La Chambre des conseillers est en train d’élaborer un plan pour redynamiser la diplomatie parlementaire. Quels en sont les objectifs ?Le bureau de la Chambre travaille sur un plan relatif à la promotion de la diplomatie parlementaire. Il s’agit en premier lieu d’évaluer l’action déjà entreprise à la lumière du discours de Sa Majesté le Roi et, ensuite, de définir les actions à entreprendre pour redynamiser la diplomatie parlementaire et pour pouvoir être plus persuasif, «plus agressif» dans le sens de l’anticipation bien sûr.
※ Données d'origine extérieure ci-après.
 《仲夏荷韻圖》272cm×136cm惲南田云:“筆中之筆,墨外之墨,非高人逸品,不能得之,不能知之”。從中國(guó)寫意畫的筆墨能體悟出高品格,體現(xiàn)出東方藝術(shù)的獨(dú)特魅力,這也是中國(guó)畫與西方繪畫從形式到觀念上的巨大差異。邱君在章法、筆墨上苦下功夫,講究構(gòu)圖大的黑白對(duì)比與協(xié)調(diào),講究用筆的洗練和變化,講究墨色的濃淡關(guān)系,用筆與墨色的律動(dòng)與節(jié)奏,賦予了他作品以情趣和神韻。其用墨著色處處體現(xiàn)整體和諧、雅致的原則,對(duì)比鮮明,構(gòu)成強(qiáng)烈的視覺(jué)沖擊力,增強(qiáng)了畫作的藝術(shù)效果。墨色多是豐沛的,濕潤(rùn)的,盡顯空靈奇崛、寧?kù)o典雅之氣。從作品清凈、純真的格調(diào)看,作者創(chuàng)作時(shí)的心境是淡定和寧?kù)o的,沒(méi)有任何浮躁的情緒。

Justement, comment, selon vous, la diplomatie parlementaire pourra-t-elle devenir «plus agressive» ?Il faut commencer par s’approprier les dossiers, les connaitre et les actualiser. En abordant le dossier du Sahara, qui est en tête des priorités, les parlementaires sont doivent évoquer l’économie, la culture, les relations internationales, la coopération, l’environnement... Tous ces dossiers sont des adjuvants et font partie de la maitrise de ce dossier de manière générale. On a tendance à se contenter de dire que «le Sahara est Marocain», sans plus. Or il convient de connaitre les tenants et les aboutissants de ce conflit et d'argumenter notre position, nos choix, leurs implications sur tous les plans pour que nos interlocuteurs puissent nous écouter et réagir en bonne intelligence à nos démarches.
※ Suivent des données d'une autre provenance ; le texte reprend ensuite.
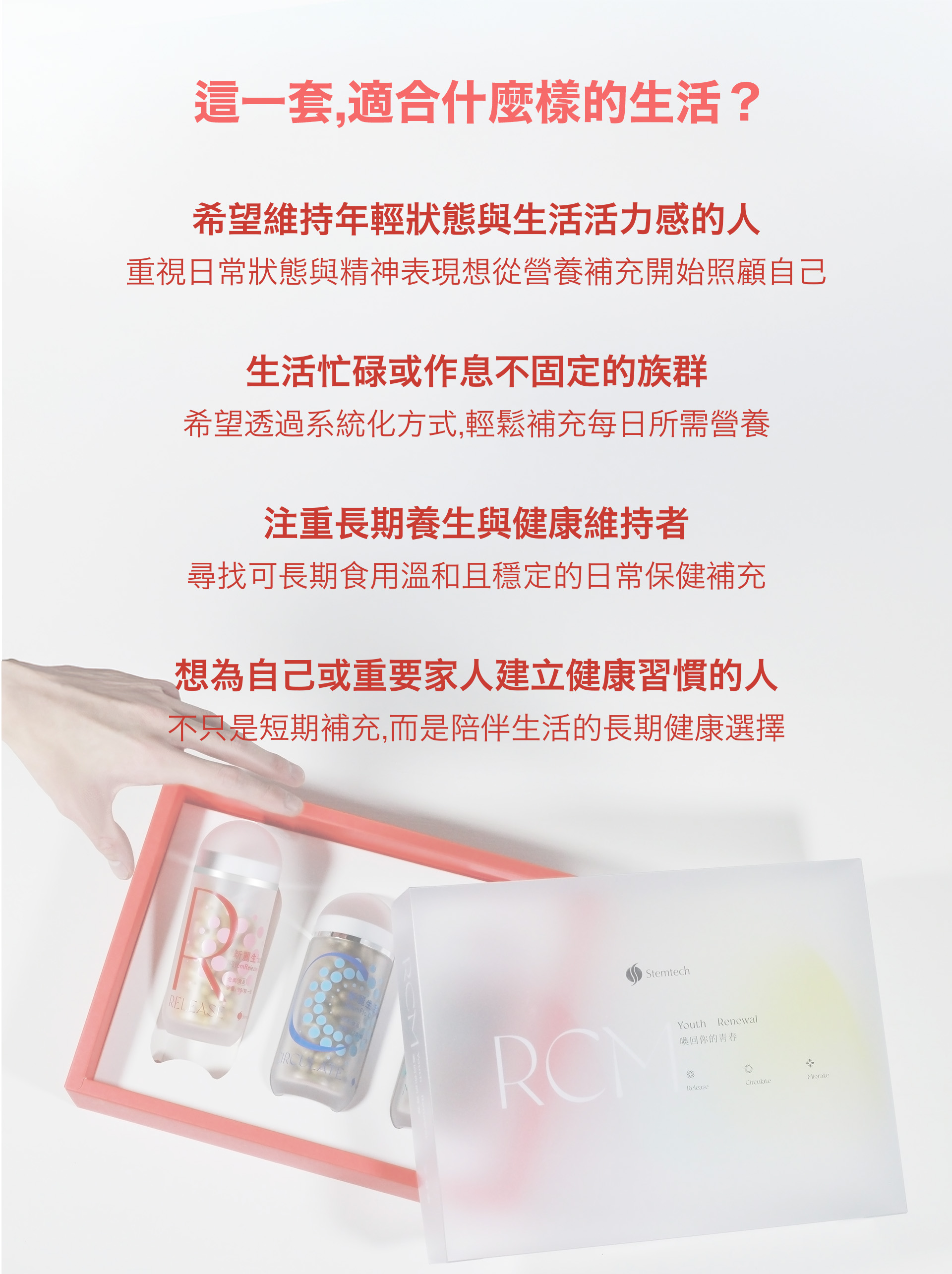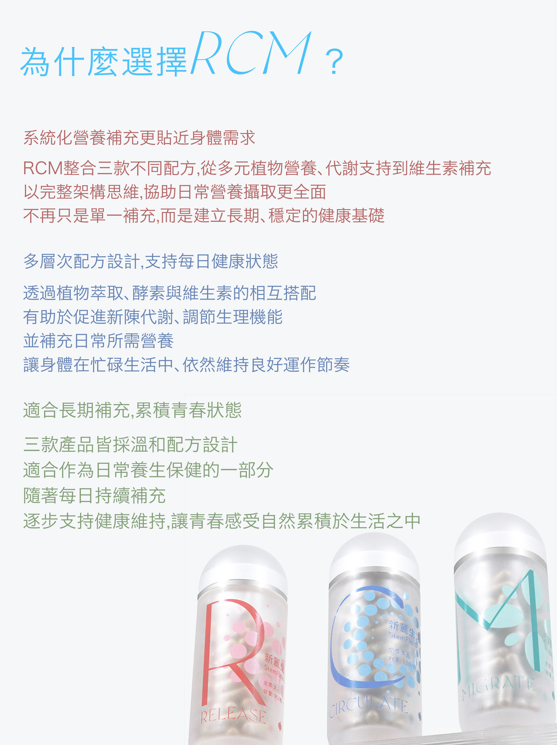 青春,不只是年齡,而是一種每天的狀態。 RCM 營養系統禮盒,將多元植物營養、代謝支持與維生素補充整合為一套完整方案, 從日常飲食之外,提供穩定且可長期的營養支持。 透過「釋放・循環・遷移」的系統思維, 協助身體在忙碌生活中維持良好運作節奏, 讓每一天的補充,不再零散,而是逐步累積, 陪你由內而外,找回屬於自己的青春感受。

Pourquoi ne pas dispenser des formations aux parlementaires sur la question du Sahara ?Les parlementaires font partie de groupes parlementaires et de partis politiques. Le travail de base se fait déjà à ce niveau-là. Ils ont maintenant les moyens d’organiser des séminaires de coaching, de team building. Au niveau de la Chambre des conseillers, on se pose la question suivante : faut-il avoir des conseillers parlementaires spécialisés dans certains dossiers ou permettre à tous les parlementaires d’aller tâter le terrain et d’apprendre ? Il faut savoir que les présidents des groupes parlementaires font l’objet de grandes pressions pour faire participer le maximum de parlementaires aux missions envoyés à l’étranger.

Mais, peut-on se permettre de confier des dossiers importants tels que le Sahara à des parlementaires non spécialisés ?On ne peut pas se permettre de confier des dossiers sensibles sans s'entourer de précautions garantissant l’appropriation de leurs éléments par les impétrants.

Actuellement, comment se fait le choix des parlementaires ?Ce sont les présidents des groupes parlementaires qui délèguent les membres leur groupe pour les missions. Jusque-là, on note une certaine forme de continuité dans les missions.

Y-a-t-il une coordination entre le Parlement et le gouvernement, notamment avec le ministère des Affaires étrangères ?Nous n’avons jamais eu de problème de coordination avec le gouvernement. Nous recevons toujours des notes complètes sur les grands dossiers que nous demandons.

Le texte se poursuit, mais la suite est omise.